Materials and Methods

Flowchart of LTRtype

The first step of LTRtype in the flowchart (as shown in Figure Figure33) is to collect all full-length LTR retrotransposons and construct library files in FASTA format. There are two major methods to retrieve the full-length LTR retrotransposons. One is to straightforwardly download from the known repeat databases, e.g., Repbase: http://www.girinst.org/; PlantGDB: http://www.plantgdb.org; Plant repeats: http://www.tigr.org/tdb/e2k1/plant.repeats/, while the other is to mine target genomes by using authorized tools of LTR retrotransposons, such as LTR_STRUC (McCarthy and McDonald, 2003), LTR_FINDER (Xu and Wang, 2007), LTR_harvest (Ellinghaus et al., 2008), and so on. Then, the library will be merged by their overlapping lengths and sequence similarities.

FIGURE 3
Flowchart of the characterization of LTR retrotransposon elements in the program LTRtype.

The second step is to align the LTR and IN libraries with target genomes using RepeatMasker and preprocess the aligned fragments by eliminating the overlapped elements.

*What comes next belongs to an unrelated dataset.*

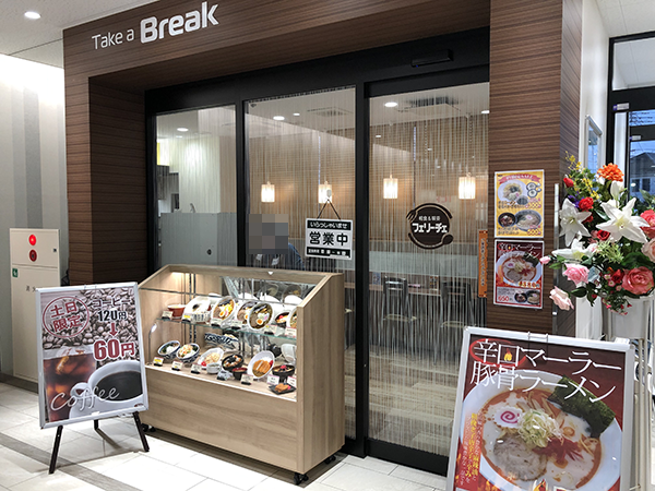ボリュームのある食べ物が楽しめる食事処も併設。コーヒーも置かれているなど、幅広いラインナップのメニューに魅力を感じた。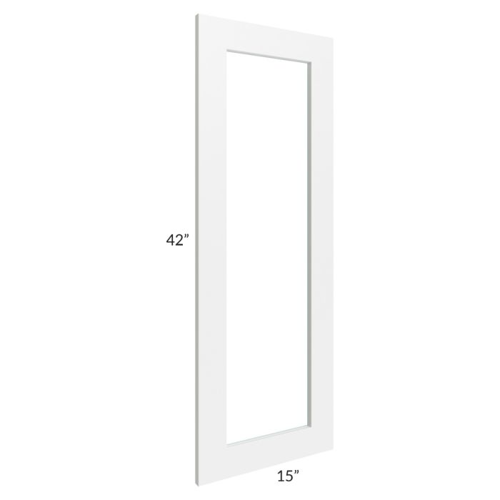 Glass door for a 15"W x 42"H wall cabinet that will match the door style of the cabinet and has plain glass. The glass is also included.

The third step is to merge adjacent fragments into longer or more intact LTR or IN sequences that belong to the same family, as RepeatMasker usually align a complete LTR or IN fragment into several fragments that may be separately or partially overlapped. The yielded datasets become candidate fragments for further analyses.

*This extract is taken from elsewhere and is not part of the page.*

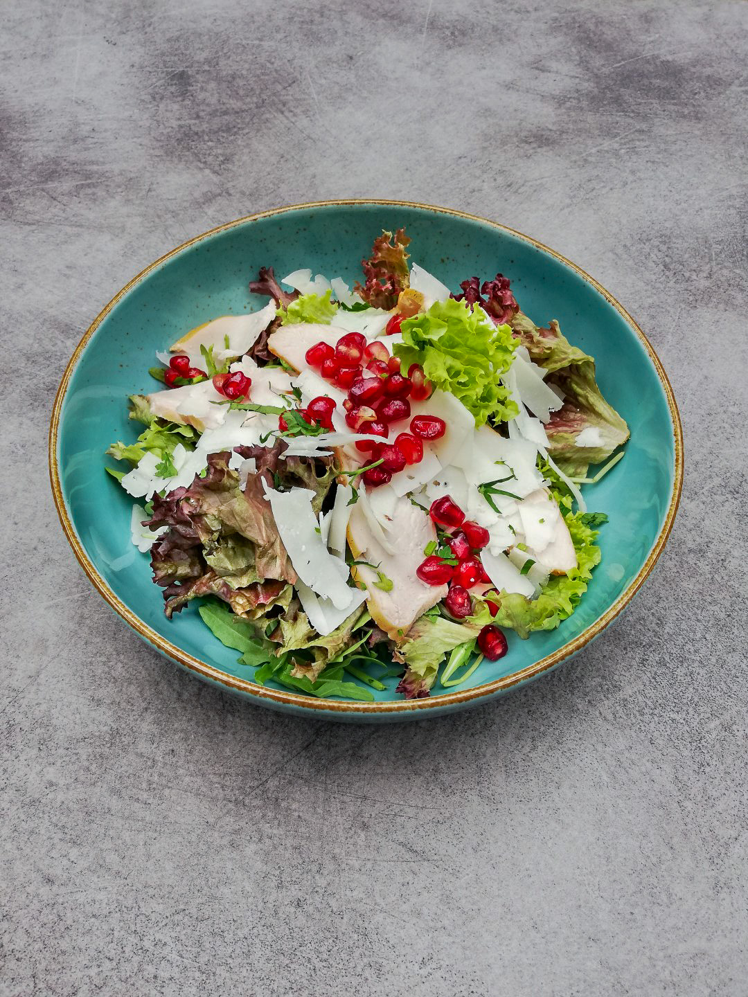 Mixed salad with pear, gruyere & pomegranate sauce

The fourth step is to link candidate fragments by discriminating trees according to their physical positions. If something can be connected one another, then we construct the linked fragments and take else as inserted elements or unconnected fragments. Note that inserted elements should be linked again until nothing could be connected.

The last step is to create a linked list and categorize different structural types of LTR retrotransposon elements.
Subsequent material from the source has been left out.